Many plea agreements prohibit the defendant from arguing for a sentence lower than the guidelines but don't impose the same restriction on the federal government. Further, in most jurisdictions, a federal defendant must forfeit their right to appeal the sentence.
This is important because the plea agreement does not bind a federal judge, who could accept the plea agreement, determine the guidelines, and impose a sentence up to the statutory maximum of the crime if they want to.
Thus, in federal criminal cases, the government will require the defendant to agree to specific guidelines and waive their right to a jury trial, call witnesses, and contest the charges in exchange for an uncertain outcome.
Suppose that the outcome is bad in the end. In that case, you can't file an appeal. However, in reality, most federal plea agreements will result in something beneficial for a defendant, but having an experienced federal criminal defense lawyer is crucial to have the best chance of a favorable outcome.
Plea Agreement – Quick Facts
There are some essential facts you should know about plea agreements, also called “plea bargains” in federal criminal cases, such as the following:
- Plea bargains are a formal agreement where a defendant will plead guilty for reduced charges or receive a lesser sentence.
- Plea agreements provide benefits for both parties in the case.
- The closer a federal defendant gets to trial, the better the plea offer is.
- Federal prosecutors can resolve the case without a trial.
- Federal judges still have broad discretion when imposing a sentence.
- The sentencing range agreed upon by the federal prosecutor is only a recommendation to the judge.
- Federal plea bargains are often lengthy written documents that detail the defendant's admissions, legal rights waived, and the agreement.

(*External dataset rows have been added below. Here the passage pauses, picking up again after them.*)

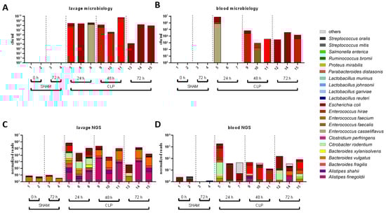 Next, we analyzed microbial colonization of the peritoneum and blood by (i) whole genome shotgun sequencing and (ii) classical microbiological culture to characterize the transition of species from the gut to systemic circulation (Figure 3). In sham mice, no pathogens were detected by culture-based methods in the peritoneal lavage and blood, while NGS identified only minor species with lowest read numbers indicative of microbial contaminants. However, pathogens in CLP mice including Enterococcus casseliflavus, E. hirae, E. coli, and E. faecalis were already found as dominant species in the blood and lavage samples by microbiological culture after 24 h (Figure 3A,B). Notably, pathogenic species colonization could differ significantly between mice and compartments, whereby NGS analysis typically revealed the same pathogens as classical culture-based microbial diagnostics (Figure 3C,D). However, additional species, including B. fragilis, B. vulgatus, Citrobacter rodentium, and C. perfringens, were exclusively identified by metagenomics sequencing. Sporadically, NGS analyses also detected species with lowest abundance (<10 normalized reads) in lavage and blood of sham mice, but those were considered to be background noise derived from contamination.
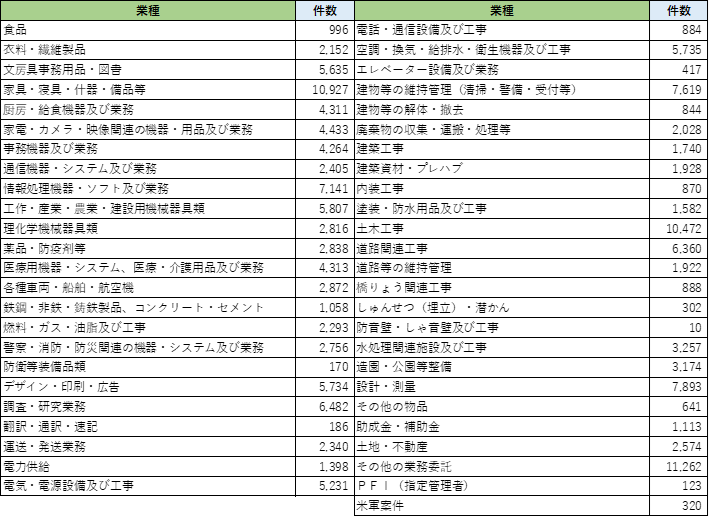 物品・機器系では、「家具・寝具・什器・備品等」が10,927件(前月比141.8%)、「文房具事務用品・図書」が5,635件(前月比158.2%)、「情報処理機器・ソフト及び業務」が7,141件(前月比139.0%)となりました。「事務機器及び業務」や「医療用機器・システム、医療・介護用品及び業務」でも増加が確認されています。
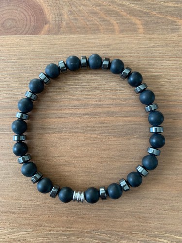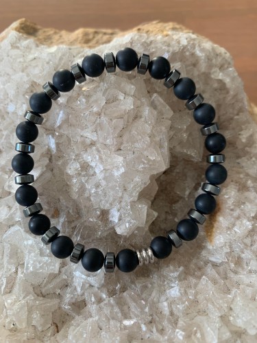 bracelet perles boutons onyx mat et hématite
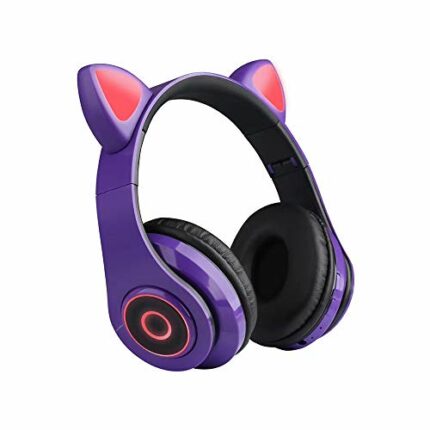 B39 Cute Cat Ear Headset Wireless BT5.0 Foldable Gaming Headphone with Flash RGB lights Earphone TF Card Play/Wired Mode Purple
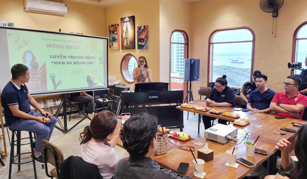 Tổ hợp dịch vụ Đồi Mặt Trời (phường Hồng Gai, Hạ Long) mới đây đã đưa vào hoạt động xưởng nghệ thuật gắn với không gian cà phê, ẩm thực của quán. Tại đây, khách hàng sẽ được trải nghiệm rất nhiều hoạt động như: Tô tượng, đính charm, vẽ tranh, khám phá nghệ thuật truyền thống, học một số kỹ năng thanh nhạc cơ bản… Đầu tháng 11 vừa qua, xưởng nghệ thuật của Đồi Mặt Trời đã diễn ra workshop “Luyện thanh cùng họa mi Vùng mỏ” với sự tham gia của ca sĩ Lưu Hồng Nhung. Buổi workshop diễn ra trong không khí cởi mở, vui tươi khi những học viên tham gia đã được ca sĩ khách mời truyền cảm hứng cũng như chia sẻ một số kỹ năng luyện thanh cơ bản dành cho những bạn yêu ca hát và muốn hát hay hơn.
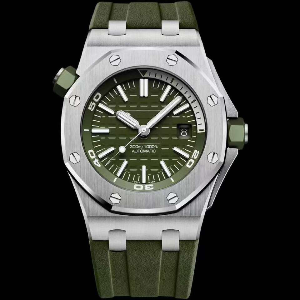 นาฬิกาเหล็ก316L ของผู้ชายหรูหราขนาด42มม. สายหนังกันน้ำ100ม. สไตล์สปอร์ตอัตโนมัติหน้าจอแสดงวันที่
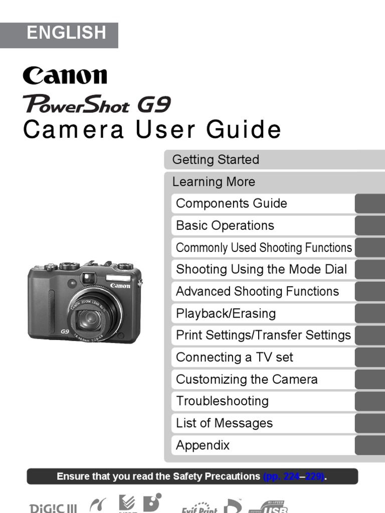 Ensure that you read the Safety Precautions (pp. 224–229).
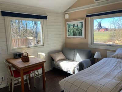 Mysig stuga på en charmig bondgård med höns, får, kor och hästar i Haverdal med fin utsikt mot Särdals kvarn från möblerad terass.
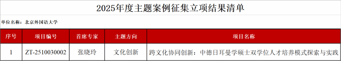 近日,教育部学位与研究生教育发展中心(简称“教育部学位中心”)公布了2025年度主题案例立项结果。本年度围绕“现代化产业体系”“人工智能+”“文化创新”“走出去”四个主题开展案例征集。av影片直播 院长张晓玲教授作为首席专家申报的案例《跨文化协同创新:中德日耳曼学硕士双学位人才培养模式探索与实践》,成功入选2025年度“文化创新”主题案例。
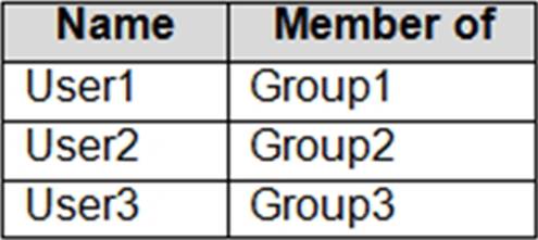 Applying this: User1 is in Group1. Share1 grants Group1 = Change, and NTFS on D:Folder1 grants Group1 = Read. The intersection is Read, so User1 can read files. User3 is in Group3. Share1 grants Group3 = Full Control, but NTFS has no entry for Group3 (and no broader Allow that would include it). Without NTFS Modify/Delete, User3 cannot delete.
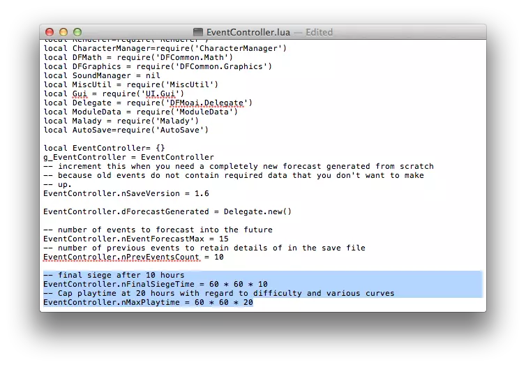注意:如果你想先组建一支更强大的安保团队,再去废弃空间站搜寻战利品和殖民者,建议将GameRules.elapsedTime的值设置为大于10*720(两小时)或10*1080(三小时)。你推迟废弃空间站出现的时间越晚,就越有可能研发出更好的防弹衣或等离子步枪来装备你的安保团队,同时如果废弃空间站中有会爆头击杀新手团队的突袭者和杀戮机器人,你也能有替补的安保人员。 推迟可怕的最终围攻!(EventController.lua) 你知道Double Fine为游戏设置了一个“结局”吗?除了教程和目标列表外,游戏还编入了一个“结局”。实际上,是两个结局。关于各种难度提升(如陨石撞击、突袭者等),它们会在游玩约八小时后停止(你很快就会亲身体验到)。但更为重要的是最终围攻,它由多波突袭者同时突破组成(玩家称之为“超级舰队”)。这个基地的“终结”设定在仅游玩四小时后就会开始(搞什么啊?)。 我还没见过这个超级舰队,因为当《太空基地DF-9》1.0版本发布时,在默认设置下,我的基地没有一个能坚持到一小时。现在我有了一个到处都是炮塔且安保严密的基地,几乎已准备好迎接“终结”。但我希望有更多时间来研发更好的武器和炮塔。 这就是这个技巧的用武之地。Double Fine的默认规则存在不公,我们不应再遵循这些规则。为了延缓你的基地走向末日,我们需要找到那个事件并对其进行修改。 与前两个脚本文件不同,EventController.lua并未隐藏,它位于Scripts文件夹目录中,你只需向下滚动即可找到它。
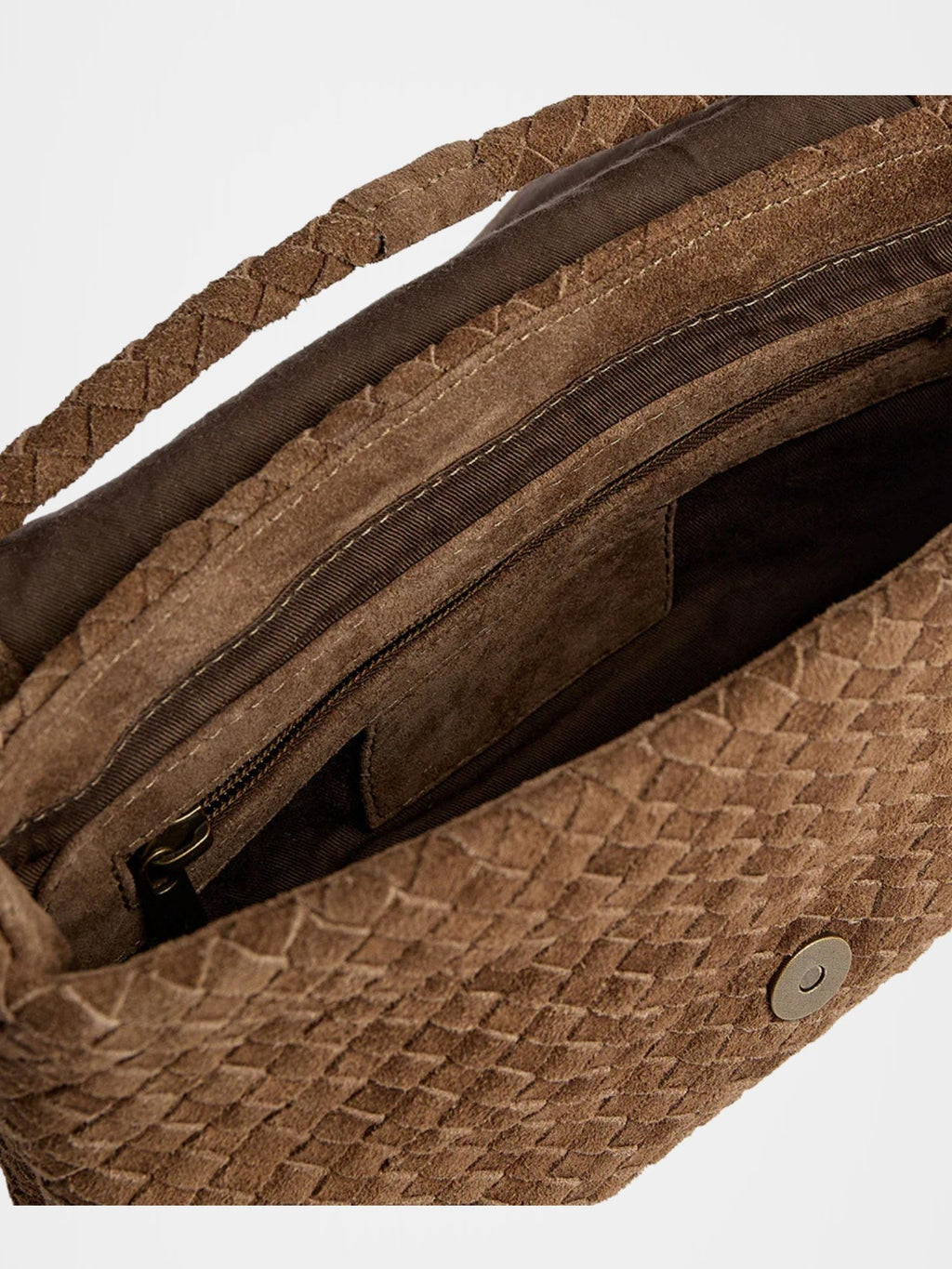 תיק שהוא חגיגה של עבודת יד ועיצוב מדויק. עשוי 100% זמש בקליעה ידנית עשירה שמעניקה לו מראה יוקרתי, אלגנטי ושיקי במיוחד. פריט סטייטמנט על־זמני שמשתלב בקלות בכל לוק. התיק נסגר בדש עם מגנט נסתר לגימור נקי ומוקפד, ובפנים כיס קטן עם רוכסן ושני תאים פתוחים לטלפון, כדי שהכול יישאר מסודר ונגיש. רצועת הכתף הניתקת מחוברת בצורה דיסקרטית מבפנים כך שאפשר להפוך אותו בקלות גם לקלאץ’ לערב. קליל, פרקטי ומלא סטייל - תיק שתלכי איתו עונה אחרי עונה.
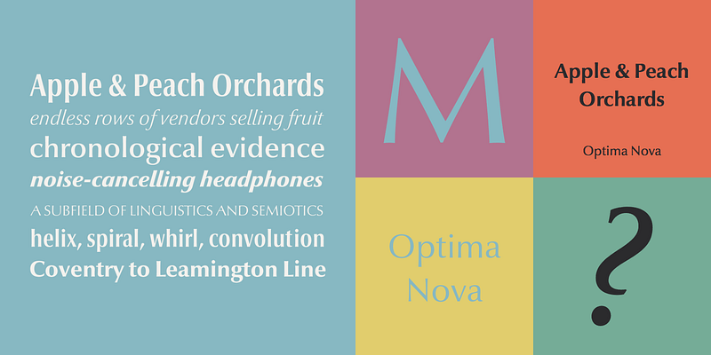 With the clear, simple elegance of its sans serif forms and the warmly human touches of its tapering stems, the Optima family has proved popular around the world. In 2002, when it was finally possible to produce digital alphabets without technical limitations and compromises, and more than fifty years after the first sketches, an expansion and redesign of the Optima family was completed and released as Optima nova. Hermann Zapf and Japanese type designer, Akira Kobayashi, collaborated on the project, which included re-working of the existing weights and the addition of several new weights: small caps, old style figures, light, heavy, and condensed. The original Optima was never manufactured with a real italic, only an oblique version of the roman. Optima nova has a complete range of beautifully designed real italics; the new italic forms, of the e, f and g are especially notable. The titling face includes capital letters with special and unusual letter combinations and ligatures, making it an excellent choice for headlines, logos and advertising purposes. Optima continues to be an all-purpose typeface; and Optima nova works for just about anything from book text to signage.
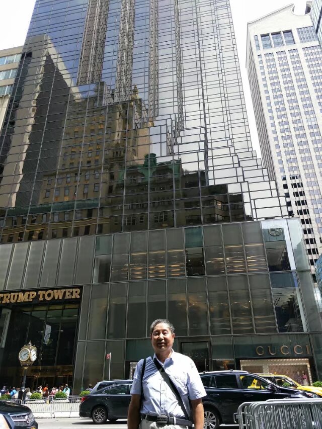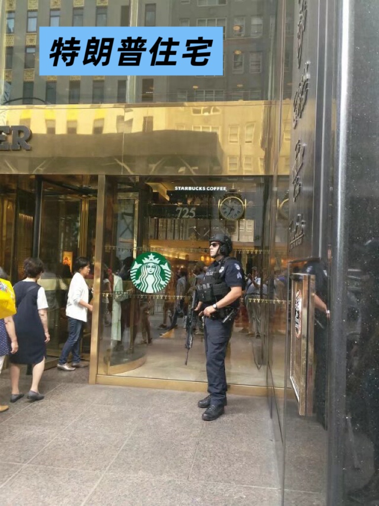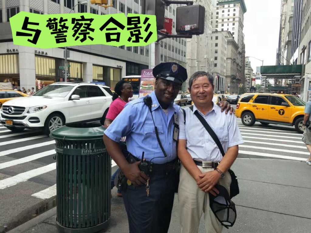 一行至途中,偶遇特朗普宅邸,宅邸外围岗哨林立,安保人员严阵值守、戒备森严,别样的肃穆光景,成了纽约街头一抹独特印记。途中恰逢一位执勤的美国黑人警察,他笑容爽朗,主动热情地与我招手招呼,还欣然合影留念,这份异国街头的温暖与善意,格外动人。我们还一同登临帝国大厦观景台,与游友并肩极目远眺,整座纽约城尽收眼底:街巷纵横如织,摩天高楼刺破长空,日光里的楼宇熠熠生辉,城市的蓬勃生机与万千盛景,皆入眼帘。
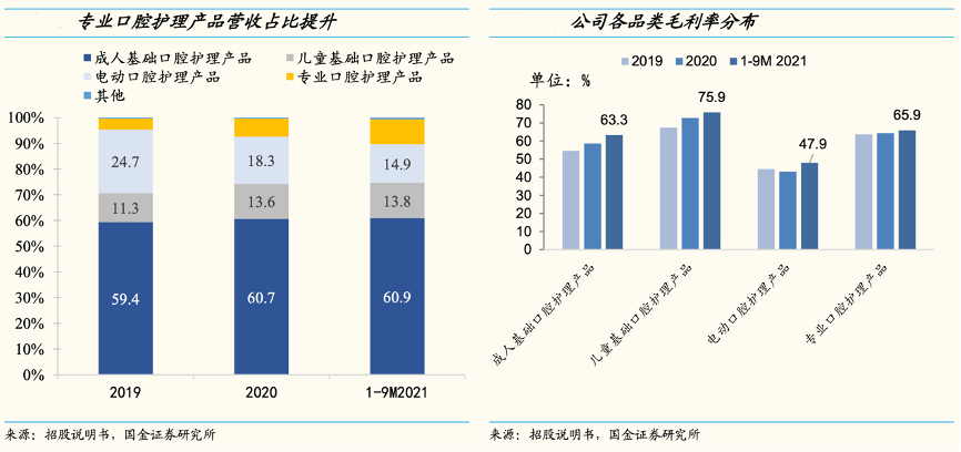 經典案例:根據招股說明書、國金證券研究所等綜合資訊表明,薇美姿以牙膏&牙刷基礎護理為基,電動、專業護理多點開花。2021年前三季度,公司成人、兒童基礎口腔護理產品(以牙膏&牙刷為主)營收分別達 7.5/1.7 億元,同比增長 18.5%/12.2%。電動口腔護理產品營收連續下降,專業口腔護理產品營收年均增速60%。
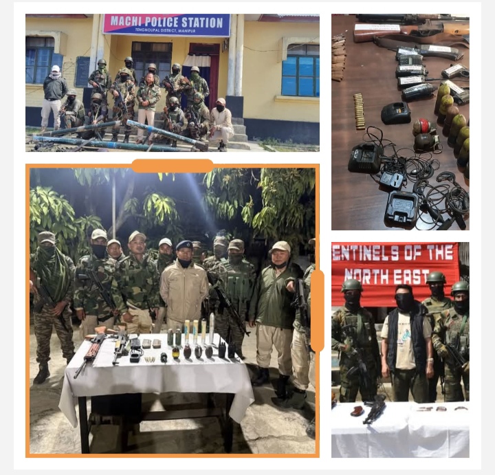 दूसरी कार्रवाई में मोरेह थाना क्षेत्र के माओजांग गांव से एक एके-56 राइफल, दो 9मिमी पिस्तौल (मैगज़ीन सहित), एक 40मिमी लाथोड गन, दो चीनी हैंड ग्रेनेड, दो अन्य ग्रेनेड, पांच हैंडसेट (तीन चार्जर सहित), चार हेडफोन, दो स्लिंग और एक केनबो बाइक जब्त की गई।
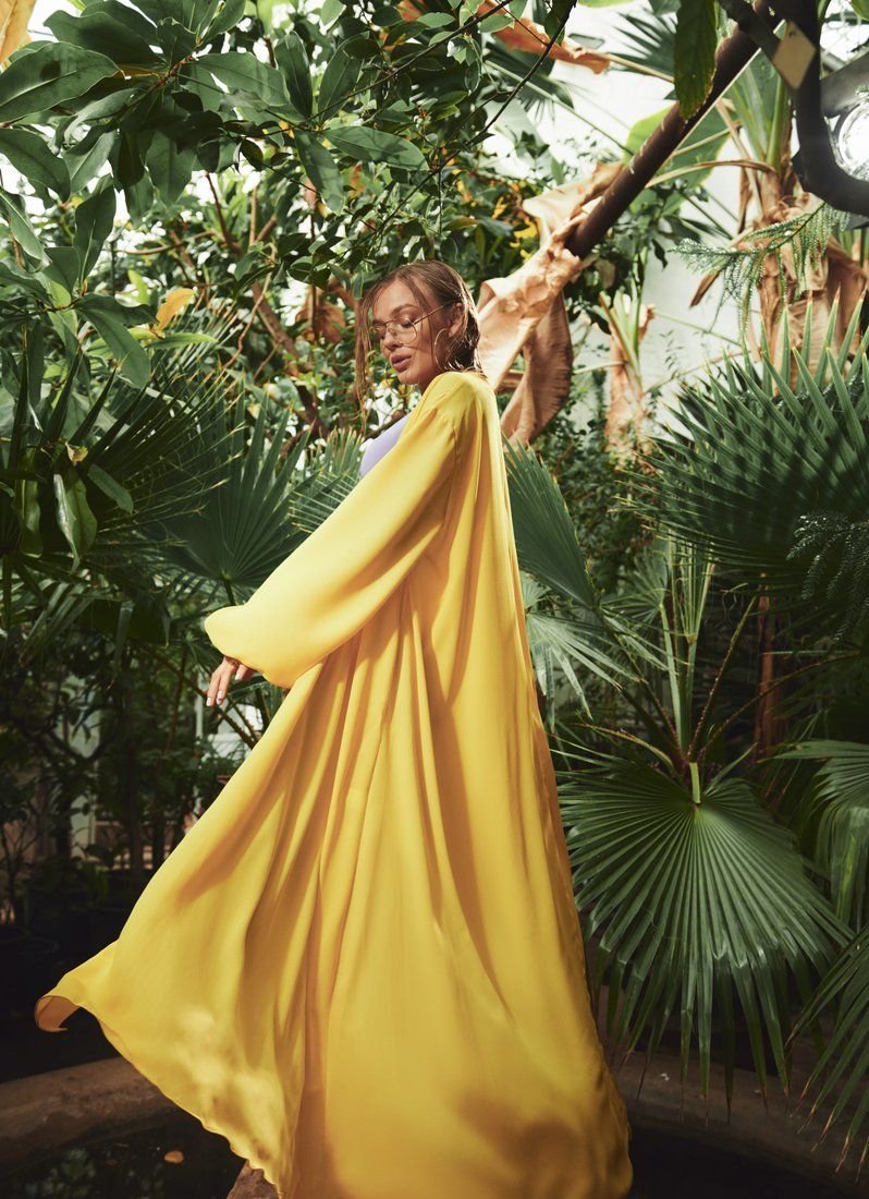 A loose tunic will inevitably attract attention due to the bright yellow shade, which was included in the list of relevant SS'21. The model was sewn from chiffon material. The comfort of the landing can be adjusted with a belt-ribbon.

What is the Plea Agreement Process?
After the federal prosecutor and defense lawyer agree to resolve the federal criminal case through a negotiated plea, the government will write a draft to be signed.
Often, the negotiations will be lengthy and hotly debated. Typically, the first matter in the federal plea agreement is the charges to which the defendant agrees to plead guilty.
These charges might be the initial charges in the indictment but could differ as part of the negotiations. Sometimes, the defendant will have to admit specific enhancements.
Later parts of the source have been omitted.